User Deletion
System Overview
Three external callers, two processes:
- Superhero Dashboard and CLI both call the Admin API (X-Api-Key auth)
- Vue Client calls the Server API (JWT auth, admin role)
The Admin API runs as a separate process to prevent deletion workloads from impacting the main server.
Components
DeletionConsoleModule — CLI Tool
Location: deletion-console/ Runs as: Kubernetes CronJob
Provides two console command groups:
| Command | File | Purpose |
|---|---|---|
queue push | deletion-queue.console.ts | Reads user IDs from a text file and enqueues deletion requests |
queue unsynced | deletion-queue.console.ts | Finds users not synchronized with an external system and enqueues them |
execution trigger | deletion-execution.console.ts | Triggers deletion execution in a paged loop |
The CLI does not access the database directly. It communicates exclusively with the Admin API via DeletionClient using HTTP + X-Api-Key authentication.

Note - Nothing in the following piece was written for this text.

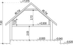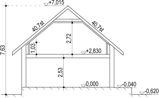 Ściany: szkieletowe 15cm+styropian ryfl. 15cm (U=0,10 W/m2*K). Strop: drewniany belkowy. Dach: gonty bitumiczne / dachówka / blacha (U=0,09 W/m2*K).

In practice, we only trigger the execution from the cron job ansible/roles/schulcloud-server-core/templates/data-deletion-trigger-cronjob.yml.j2
DeletionApiModule — Admin API Layer
Location: deletion/deletion-api.module.ts
Lives in: Admin API process (AdminApiServerModule)
Auth: X-Api-Key
Provides the full REST API for managing and executing deletions:
| Controller | Endpoints | Purpose |
|---|---|---|
DeletionRequestController | POST, GET :id, DELETE :id | Manage deletion requests |
DeletionBatchController | POST, GET, GET :id, DELETE :id, POST :id/execute | Manage deletion batches |
DeletionExecutionController | GET, POST | Fetch pending request IDs + execute them |
Key UCs:
DeletionRequestUc— creates individual deletion requests, deactivates the user account immediatelyDeletionBatchUc— manages batches;requestDeletionForBatch()creates the actual deletion requests for a batch and deactivates accountsDeletionRequestUc.executeDeletionRequests()— delegates toDeletionExecutionServicefor each request ID
DeletionPublicApiModule — Server API Layer
Location: deletion/deletion-public-api.module.ts
Lives in: Server API process (ServerModule)
Auth: JWT (requires admin role)
| Controller | Endpoint | Purpose |
|---|---|---|
DeletionRequestPublicController | DELETE /deletionRequestsPublic?ids=... | Create deletion requests from the Vue admin client |
This is a lightweight module — it imports DeletionModule to create requests but does not handle execution.
DeletionModule — Domain Core
Location: deletion.module.ts
Imported by: DeletionApiModule, DeletionPublicApiModule
Provides domain services:
| Service | Responsibility |
|---|---|
DeletionRequestService | CRUD + status transitions for deletion requests |
DeletionBatchService | CRUD for batches + creating requests when a batch is started |
DeletionExecutionService | Executes a single deletion request via the saga system |
DeletionLogService | Persists per-domain deletion reports |
Workflow
1. Creating Deletion Requests
Deletion requests can be created through three paths:
| Caller | Target API | Auth | Endpoints used |
|---|---|---|---|
| CLI (K8s CronJob) | Admin API | X-Api-Key | POST /deletionRequests, GET/POST /deletionExecutions |
| Superhero Dashboard | Admin API | X-Api-Key | POST /deletionRequests, CRUD /deletion-batches, POST :id/execute |
| Vue Client (school admin) | Server API | JWT (admin role) | DELETE /deletionRequestsPublic?ids=... |
The Superhero Dashboard is the primary admin UI that manages deletions — it creates individual requests, manages batches, and can trigger batch execution directly via the Admin API. The CLI automates the same API for scheduled/bulk operations as a CronJob.
2. Deletion Batches
Batches are a way to group multiple user IDs for deletion:
- Create batch (
POST /deletion-batches) — stores the list of user IDs, status:CREATED - Start batch (
POST /deletion-batches/:id/execute) — this is when individualDeletionRequestentries are actually created for each user in the batch, and accounts are deactivated - After that, the requests are picked up by normal execution
3. Executing Deletions
Execution is triggered by the CLI as a K8s CronJob:
Why paging? Each page is executed in a separate HTTP request to prevent overloading the Node.js event loop. The CLI loops through pages until all due requests are processed.
Request status lifecycle:
Failed requests can be retried via the execution trigger --runFailed CLI flag, which picks up requests with status FAILED instead of REGISTERED. Note: This feature is work in progress and currently not used in production.